There are two types of content groups: with children or without.
It's important to define the content groups properly as for each type of content group the strategy to link them is different.
# Balcon with children
In this case, we have to define the property children
to true
.
Example:
<div class="content-group">
<div class="title">Breaking news</div>
<article>....</article>
<article>....</article>
</div>
# Balcon without children
In this case we don't need to put the property children
, as by default is false
.
Example:
<div class="content-group">
<div class="title">Breaking news</div>
</div>
<article>....</article>
<article>....</article>
# What happens under the hood
If everything is configured correctly your items will have the key from the content group that they belong to.
For example:
<div class="content-group">
<div class="title">Ultimas noticias</div>
</div>
<article>....</article>
<article>....</article>
<article>....</article>
<article>....</article>
getContentGroups: [
{
selector: ".content-group",
extractors: {
name: ".title"
}
}
]
[
{
"title": "El Síndic achaca las largas listas de espera en Sanidad a los pacientes del resto de España",
"uri": "https://www.vozpopuli.com/elliberal/politica/Sindic-achaca-Sanidad-pacientes-Espana_0_1307869371.html",
"subtitle": "12:03",
"relevance": 9189,
"column": 1,
"media": null,
"pocket": {
"key": "ultimasnoticias"
}
},
{
"title": "El PNV advierte al PSOE: también es “importante” que avancen las conversaciones con ellos",
"uri": "https://www.vozpopuli.com/politica/PNV-advierte-PSOE-importante-conversaciones_0_1307869397.html",
"subtitle": "11:38",
"relevance": 9330,
"column": 1,
"media": null,
"pocket": {
"key": "ultimasnoticias"
}
},
]
So on the layoutDescriptor you can create a content group with that key.
# How to disable it
In general, if you don't create the getContentGroups
in the whitecollar nothing will be applied.

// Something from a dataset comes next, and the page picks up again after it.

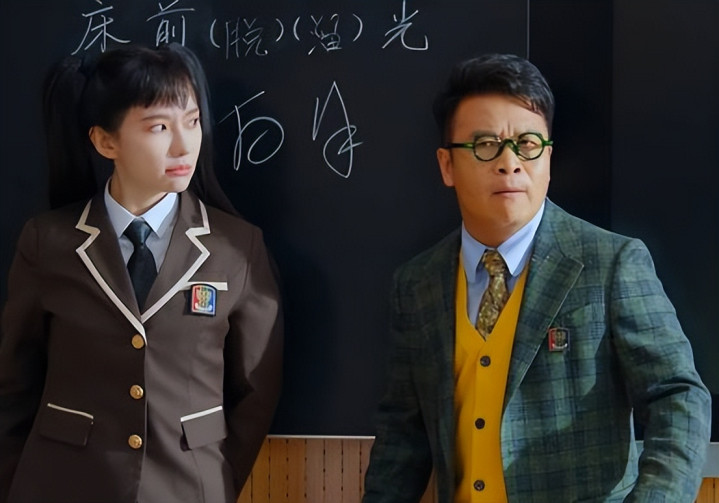 举着粉笔却填不完整古诗词时,张浩把角色的紧张、纠结和视死如归都演绎得喜感十足。

If you want to disable it for a particular item, what you can do is to create a pocket with a key. In case that a pocket
with a key exists in an item, content groups filler won't do anything for that particular item.
# How it works
The algorithm saves all detected content groups and for every item tries to assign it to them. In order to do that it has two strategies:
# Contains strategy
Imagine this scenario:
<div class="content-group">
<div class="title">Breaking news</div>
<article>....</article>
<article>....</article>
<article>....</article>
<article>....</article>
</div>
In this case, the content group has to be defined as children
true
. Something like:
{
"selector": ".content-group",
"children": true,
"extractor": {
"name": ".title"
}
},
And the strategy here to know if it belongs or not to that particular content group it to check if the DOM element is inside the content group.
# Position strategy
Imagine this other scenario:
<div class="content-group">
<div class="title">Breaking news</div>
</div>
<article>....</article>
<article>....</article>
<article>....</article>
<article>....</article>
In this case, the content group has to be defined as children false. Something like:
{
"selector": ".content-group",
"extractor": {
"name": ".title"
}
},
The strategy here its a little bit more complex and we rely on CSS calculation to understand where is the item positioned in the screen. In a simplified way if an item is under a content group we say it belongs to that content group. This takes into account different columns and so on, to relate to the proper key.